In terms of similarities, both monitors use Freq|Phase™, the recessed Acoustic Sound Chamber tubing system, and a variable bass attenuator on the stock cable with a 0-15dB range. The driver selection is quite a contrast with the Jolene using no less than 4 dynamic drivers and 8 BA drivers whereas the Contour XO uses 10 BA drivers.
The grouping is thus very different also. For the lows up to 400Hz, Jolene uses a pair of 9.2mm dynamic diaphragms and for the mids, you get two smaller manifold 4.9mm, dynamic drivers, with D.O.M.E enclosures and a natural band pass roll-off at 4Khz.
The high-mids from 4kHz to 10Khz and the ultra-highs from 10KHz to 23Khz are covered by two of JH Audio’s proprietary mini quad-driver BA packs using their patented Soundrive™ Technology.
You could argue the Contour XO setup is somewhat simpler with three proprietary mini quad-driver BA packs using their patented Soundrive™ Technology: a quad low, a dual mid, and a quad high.
One is custom and one is universal so quite different approaches and a bit of apple and oranges for a direct comparison. No doubt the ‘Crimson & Clover’ custom design is the more eye-catching of the two monitors in terms of materials used and pure bling. However, it is by far the bigger and heavier of the two in terms of dimensions and will stick out of your ear a bit more.
The more muted all-black of the Contour XO universal is professionally finished and more discreet though look carefully you will see one or two shared characteristics such as the gold-plated fender trimming and the 7-pin connector system.
I actually prefer the Contour XO curve in its connector stem over the perpendicular angle of the custom Jolene and just wonder if JH Audio can do that in their custom molds or not.
Both share the exact same cable with the new smaller-sized variable bass adjuster and in terms of comfort, well, a custom monitor will always beat out a universal for isolation and exact fitting.
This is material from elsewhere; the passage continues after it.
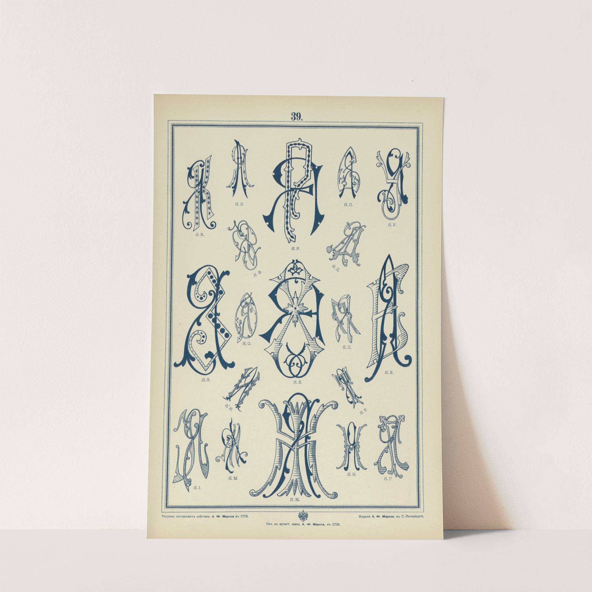 Introducing "Monogrammy Pl.39" by A. Litke, a captivating piece of art that showcases an intricate collection of monograms in various styles. This elegant design features an array of unique letter forms, each meticulously rendered in deep blue ink against a...

However, the Contour XO works better for those who want something a little lighter and smaller in their ear.
Two entirely different tuning directions here with Jolene’s mix of dynamic driver power and a smoother mids and treble timbre compared to the Contour XO’s tighter BA bass, energetic mids, and top-end sparkle.
Certainly, Jolene has the power right at the very lowest level with those dual dynamic drivers crafting some delicious sub-bass definition, natural texture, and decay. The Contour XO gets plenty strong also on the low-end but still offers that politer BA sub-bass slam and quicker decay.
Both hold their bass elevation quite well but the Contour XO dips a bit more into the lower mids whereas the Jolene holds and actually elevates peaking a bit higher at 1k. On the top side, both exhibit a similar profile in terms of a 5k-6k push, however, the Contour XO dB elevation is more substantial with a peak closer to 7-8k giving it a lot more sparkle and energy.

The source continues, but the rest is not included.